In Lamarck's giraffe story, used to explain how evolution might proceed, there was once a population of short-necked animals (let's call them protogiraffes) feeding happily on low-lying leaves. For whatever the reason, the environment changed, these plants died out, and the short-necked animals were left with a dwindling food supply.
*123
According to Lamarck, the protogiraffes that had previously fed on the vertically challenged (and now extinct) foliage,
needed
longer necks in order to feed from the higher branches of trees that hadn't been wiped out. This need somehow produced elongated necks, resulting in the evolution of the modern giraffe.

Although it took a bit of time to discredit Lamarck (Charles Darwin actually fell back on Lamarckian concepts in his later editions of
Origin of Species
), eventually folks came up with questions like “If Lamarck was right, then why are boys with circumcised fathers born with a foreskin?”
†124

In reality, most of what you do or experience in your lifetime has little or no effect on the genetic makeup of your offspring. Whether we're talking about longer snouts and legs for Miocene protohorses, or sharper teeth for ancient vampire bats, any inheritable modifications inevitably came about as a result of changes that occurred at the genetic level (i.e., changes in part of a genetic blueprint or in the timing of genetically programmed events).
*125

It's this change in the timing of genetically programmed events that explains how ticks may have evolved from chiggers. In this case, blood feeding may not have been a novel characteristic (as in ancient vampire bats), but possibly the timing of its appearance was. In a process known as heterochrony, the timing of developmental events is altered. Heterochrony, then, could explain the origin of the first tick from an ancestral mite—a mite that somehow maintained its larval feeding behavior into adulthood.

How could something like that come about?

There are numerous examples of this process in nature, but the most well known is neoteny—in which an organism reaches sexual maturity while retaining juvenile characteristics. The classic example concerns the giant salamander
Necturus
(the mudpuppy), which retains its gills throughout adulthood. In the vast majority of amphibians (like most salamanders, as well as mudpuppy cousins, like frogs and toads), these respiratory structures are lost as the larvae metamorphose into semiterrestrial adults.

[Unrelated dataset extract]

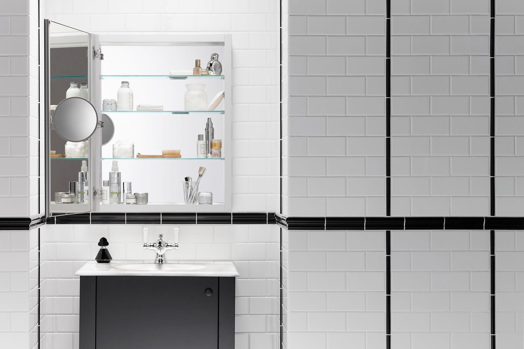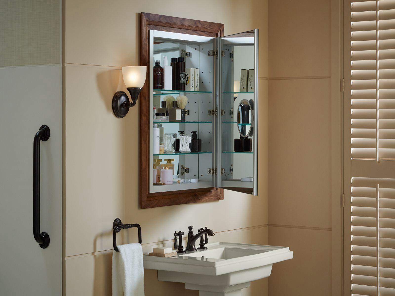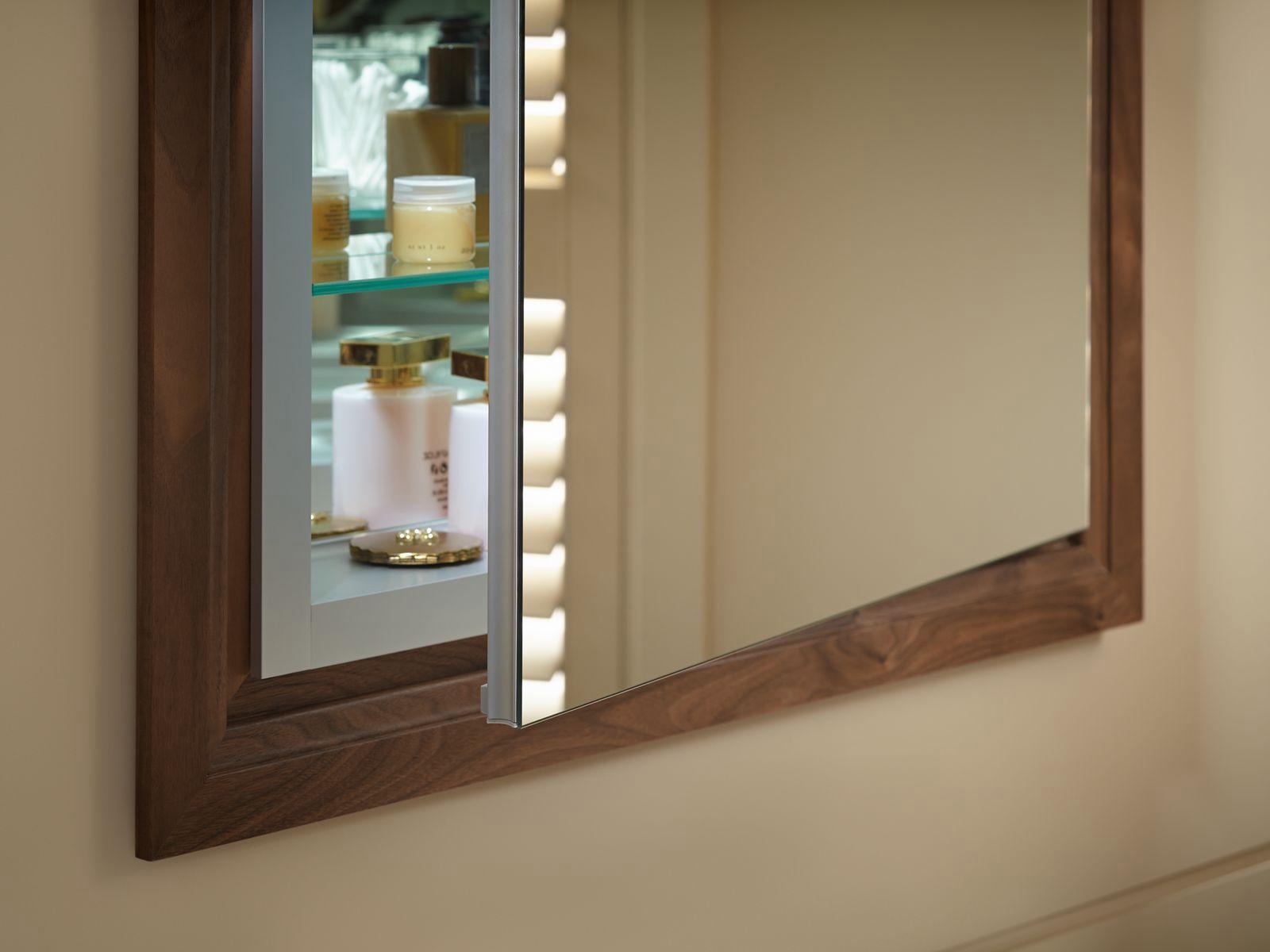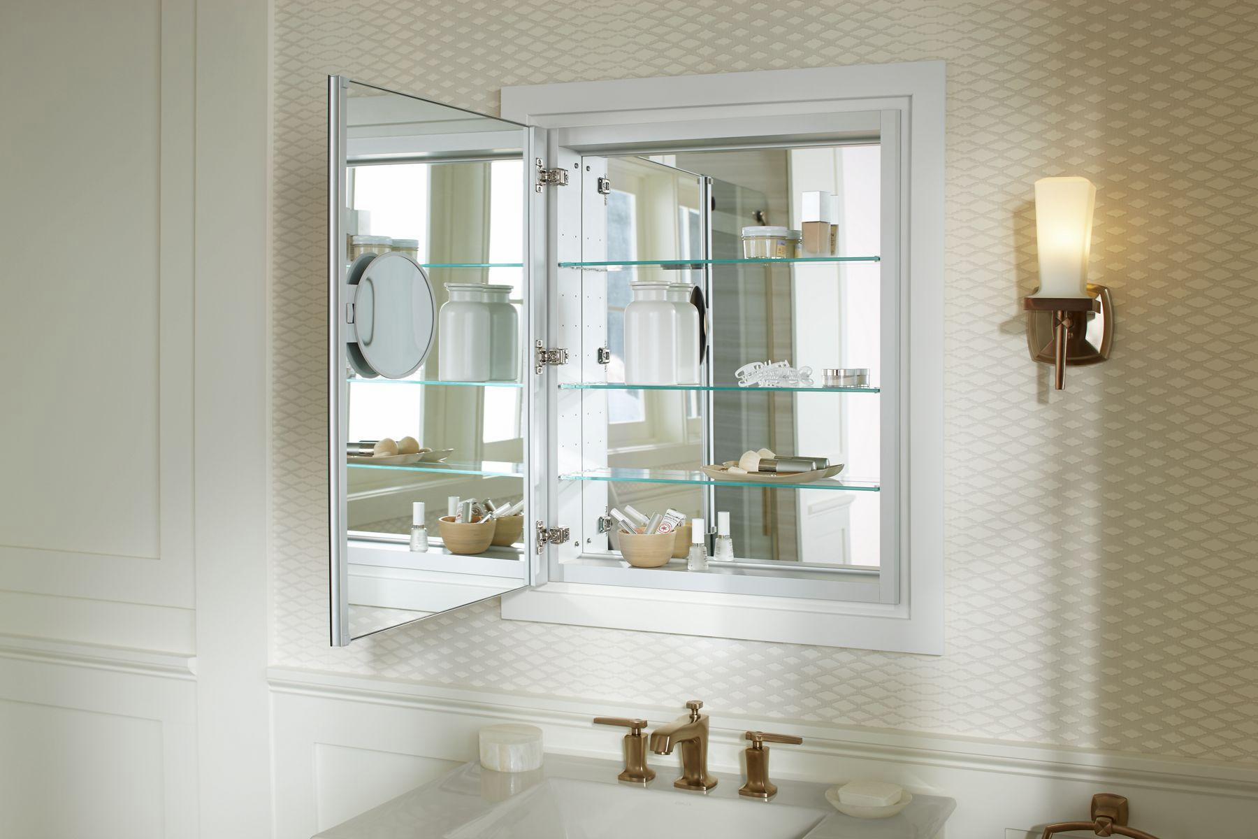 The Verdera medicine cabinet combines an elegant fit and finish with quick, easy installation. A built-in magnifying mirror on the inside of the door is vertically adjustable to accommodate users of varying heights. The door and interior are fully mirrored, and three adjustable glass shelves offer flexible storage. The slow-close door creates a quieter bath environment.

It's been hypothesized that in this famous case of neoteny, a mutation allowed some salamanders to retain their gills as they reached sexual maturity. The obvious question is, Why would that particular characteristic become an adaptation? The best hypothesis thus far is that the selection pressure to retain gills as an adult might have been a change in the terrestrial environment (e.g., a new predator or drier conditions), making it safer to extend the time salamanders spent in the ponds where they swam as larvae.

Similarly, with regard to the evolution of ticks, perhaps increases in local vertebrate populations or species diversity (both are also forms of environmental change) led to an evolutionary advantage for some mites that accidentally retained the parasitic dietary habits they had as larvae. Basically, more vertebrates meant more exploitable sources of food. As in
Necturus,
this adaptation had evolved from a mutation that hadn't produced a
new
character but instead had changed the developmental timing of a previously existing character. Following this hypothetical scenario to its conclusion, true ticks would have evolved as prototicks transitioned from feeding on liquefied cell contents (like their mite ancestors) to feeding on blood.

However ticks came about, most researchers think that the first ticks appeared sometime during the early Cretaceous period (around one hundred million years ago) and, not coincidentally, during a period of tremendous vertebrate diversity.

Within the arachnids, chiggers, ticks, and mites belong to the order Acari (or Acarina), which contains between 850 and 900 species of ticks and approximately 50,000 species of mites.